We further agree with the district court that a reasonably diligent plaintiff would have had sufficient information by late 2008 to plead the PSAC’s claims relating to the acquisition of Countrywide Financial Corporation (“Countrywide”). The district court correctly observed that sufficient information relating to Countrywide’s loan origination practices was in the public domain by virtue of, inter alia, the numerous federal and state lawsuits 'filed against Countywide in 2007 and the widespread press coverage that Countrywide received in national publications such as The New York Times and The Wall Street Journal in 2007 and 2008.

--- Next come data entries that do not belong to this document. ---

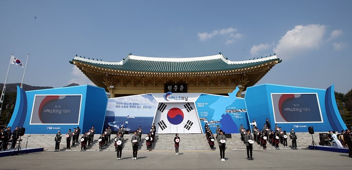 (서울=포커스뉴스) 25일 오전 국립대전현충원에서 열린 1회 서해수호의 날 기념식에 참석한 학생들이 추모공연을 하고 있다. <사진제공=국가보훈처>
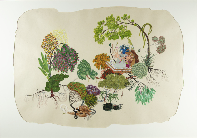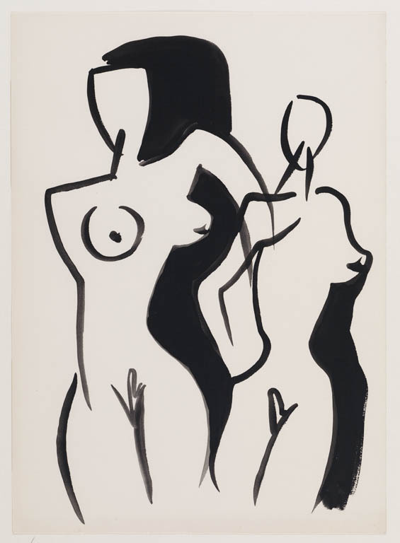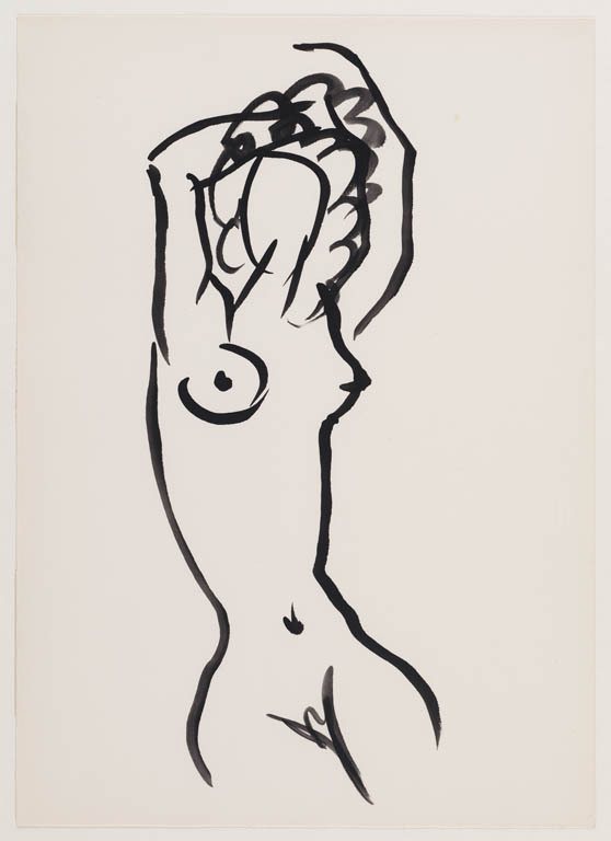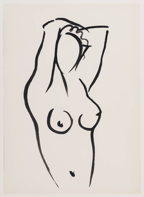 Vrouwelijk naakt, vanaf de navel en met de armen bov...
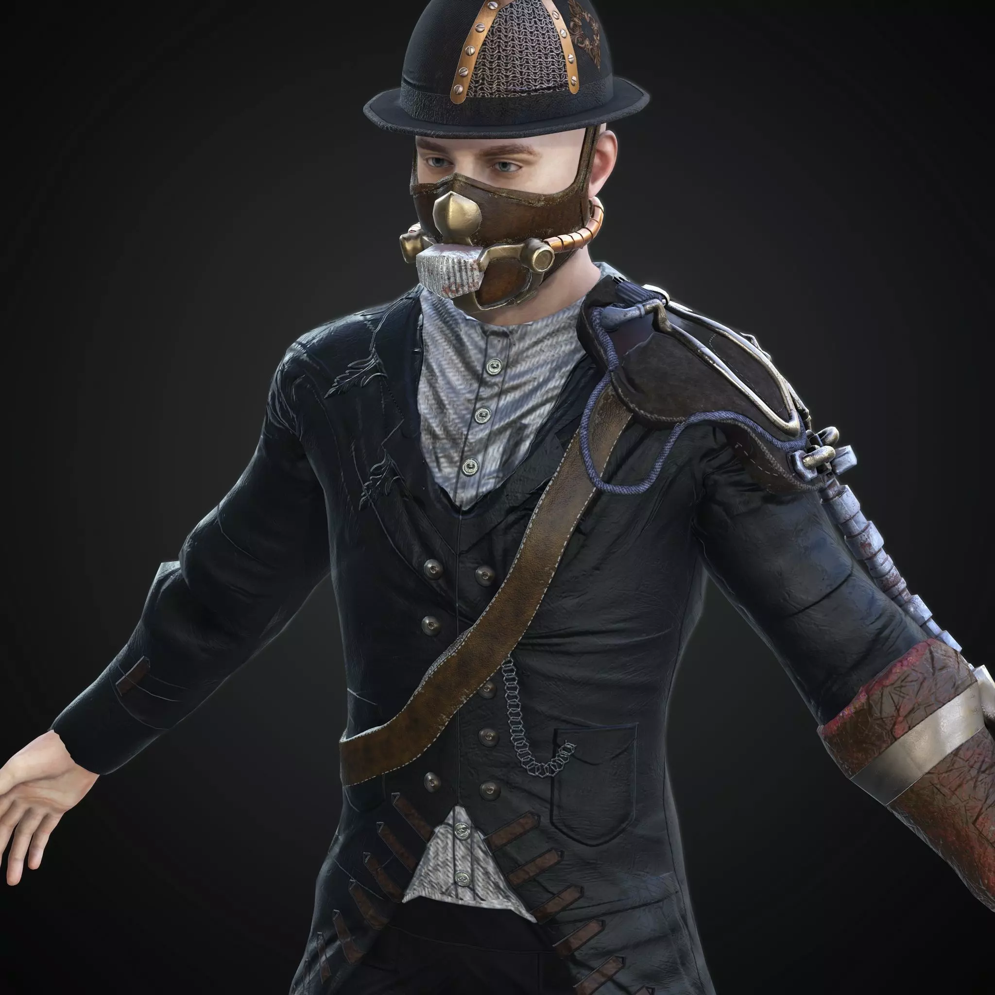 Steampunk rigged character Low-poly 3D model

We have considered Plaintiffs’ remaining arguments and find them to be without merit. Accordingly, we AFFIRM the judgment of the district court. 
      
      . The parties dispute whether the statute of limitations governing Plaintiffs’ Securities Act claims is triggered by inquiry notice or the less-onerous discovery rule announced by the Supreme Court in Merck & Co. v. Reynolds, 559 U.S. 633, 130 S.Ct. 1784, 176 L.Ed.2d 582 (2010) (rejecting inquiry notice as a trigger for claims under Section 10(b) of the Securities and Exchange Act of 1934). We not need resolve this issue, however, because we agree with the district court that Plaintiffs’ claims are untimely even under the less-burdensome Merck discovery rule.